BMJ  2004;329:705 (25 September), doi:10.1136/bmj.38219.515266.AE (published 13 September 2004)

Paper

Interventions for basal cell carcinoma of the skin: systematic review

Fiona Bath-Hextall, senior lecturer, school of nursing1, Jan Bong, consultant2, William Perkins, consultant2, Hywel Williams, professor of dermato-epidemiology1

1 Centre for Evidence-Based Dermatology, Queen's Medical Centre, Nottingham NG7 2UH, 2 Department of Dermatology, Queen's Medical Centre

Correspondence to: F Bath-Hextall fiona.bath-hextall{at}nottingham.ac.uk

Abstract

Objectives To assess the effects of treatments for basal cell carcinoma.

Methods Systematic review of randomised controlled trials.

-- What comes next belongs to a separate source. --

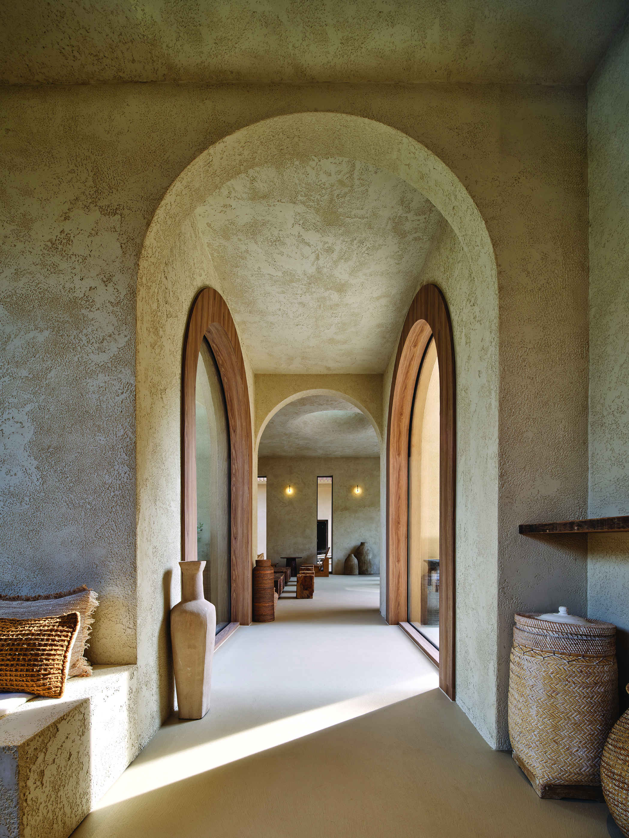 카페와 연결된 브릿지동으로 이동하면 아치형 양식으로 설계된 공간이 드러난다. 브릿지동은 복층 카페와 웜홀동을 연결하는 중간지점에 위치하며, 건물과 건물 사이에 골목을 형성해 머무름과 이동 사이 감정적 완충 공간으로 작동한다. 긴 복도 내부에는 한쪽 벽면을 따라 길게 이어지는 수직창과, 반대편의 넓은 창이 시시각각 변하는 자연광과 바람으로 다채로운 공간 경험을 제공한다. 이어지는 웜홀동은 빛과 어둠, 개방과 폐쇄의 경계를 유연하게 넘나드는 공간으로 기획되었다. 내부는 하나의 큰 볼륨 속에서 벽과 천장이 곡선으로 이어지며, 시선의 깊이와 공간의 밀도를 조절하도록 설계되었다. 낮에는 상부 개구부를 통해 자연광이 깊게 스며들고, 밤에는 벽면의 간접 조명으로 시간대에 따라 상반된 분위기가 연출된다. 벽면에는 자연스러운 사막의 질감을 표현하기 위해 스타코플렉스의 텍스처를 활용했다.

Main outcome measure Recurrence of basal cell carcinoma at three years or beyond, assessed clinically.

Studies reviewed Randomised controlled trials of interventions for histologically confirmed basal cell carcinoma (published and unpublished material; no language restrictions).

Results 25 studies were identified, covering seven therapeutic categories. Only one study of surgical excision versus radiotherapy contained primary outcome data, which showed significantly more persistent tumours and recurrences in the radiotherapy group compared with surgery (odds ratio 0.09, 95% confidence interval 0.01 to 0.67). One study compared cryotherapy with surgery, with inconclusive results at one year. In a comparison of radiotherapy with cryotherapy, significantly more recurrences occurred at one year in the cryotherapy group. Preliminary studies suggest a short term success rate of 87-88% for imiquimod cream in the treatment of superficial basal cell carcinoma, although this cream has not been compared with surgery. No consistent evidence was found for the other treatment modalities.

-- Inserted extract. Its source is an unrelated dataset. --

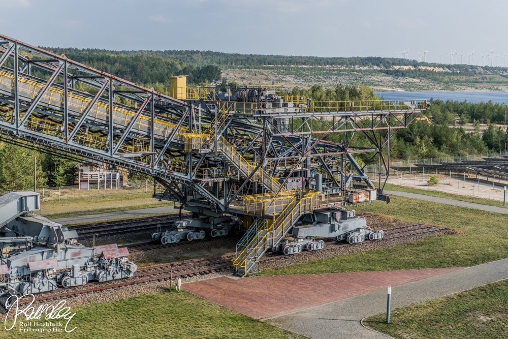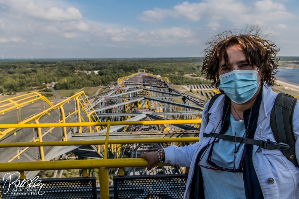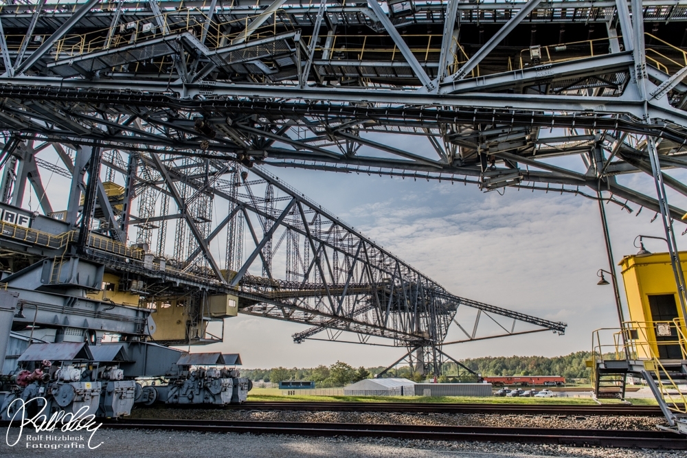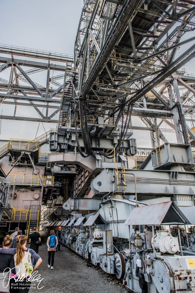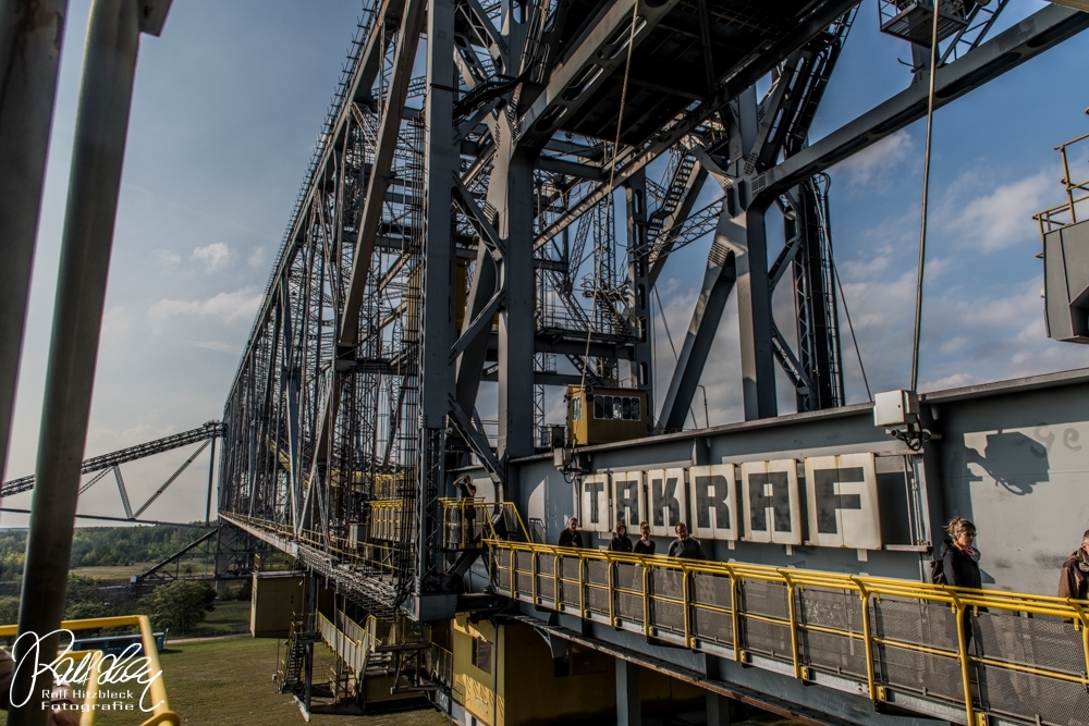 Während des Vortrages erfuhren wir auch, dass ich mit meiner Bezeichnung „Braunkohlebagger“ total falsch lag. Dieses Riesengerät (Länge über 500m) dient NICHT dazu, irgendwelche Braunkohle zu fördern oder befördern. Es handelt sich bei der F60 (es gibt noch drei weitere, die noch aktiv sind) um eine Abraumförderbrücke, die nur dazu dient, die Erde ÜBER der Braunkohle abzutransportieren, damit die Braunkohlebagger selbst die eigentliche Förderung übernehmen. Auf der einen Seite wird die Erde mit Schaufeln abgekratzt und am anderen Ende der Brücke auf große Haufen geworfen.

Conclusions Little good quality research has been done on the treatments used for the most common cancer in humans. Most trials have included only people with basal cell carcinoma occurring at low risk sites. Only one trial measured recurrence at four years; recurrence rates at one year should be interpreted with caution. Surgery and radiotherapy seem to be the most effective treatments; surgery showed the lowest failure rates. Other treatments might have some use but need to be compared with surgery.

Introduction

Basal cell carcinoma (BCC) is a form of skin cancer and the most common cancer found in humans.1-3 BCCs are usually slow growing tumours that rarely spread to distant parts of the body.4 Growth of BCC is usually localised to the area of origin; however, some BCCs can infiltrate tissues in a three dimensional fashion that may not be obvious on visual inspection.3 5 If left untreated, or inadequately treated, the BCC can cause extensive destruction of tissue, particularly on the face. The clinical course of BCC is unpredictable; it may remain small for years, or it may grow rapidly or proceed by successive spurts of extension of tumour and partial regression.6

The tumour may occur at any age, but the incidence of BCC increases markedly after the age of 40. The incidence in younger people is increasing, however, possibly as a result of increased exposure to the sun. Risk factors are fair skin, tendency to freckle,7 high degree of sun exposure,8-10 excessive use of sun beds, previous radiotherapy, phototherapy, male sex, and genetic predisposition.11

The first line treatment of BCC is often surgical excision. Many alternatives are available, including curettage, cryosurgery, laser treatment, surgical excision with predetermined margins of clinically normal tissue, excision under frozen section control, Moh's micrographic surgery, radiotherapy, topical treatment, intralesional treatment, photodynamic therapy, immunomodulators, and chemotherapy. Although many treatments are used for BCC, little research is available that accurately compares these different treatment modalities against each other and for different types of tumour. With an increase in incidence of skin cancer,12 a good evidence base is important to inform treatment decisions.

Methods

The full results of this systematic review are published in the Cochrane Library.13 We searched Medline (from 1966 to December 2003), Embase (from 1980 to December 2003), the Cochrane Skin Group specialised register (December 2003), and the Cochrane Library (2004, issue 1). We manually searched cited references from identified trials and recent review articles, and we contacted pharmaceutical companies and experts in the specialty. We included non-English papers, which we had translated.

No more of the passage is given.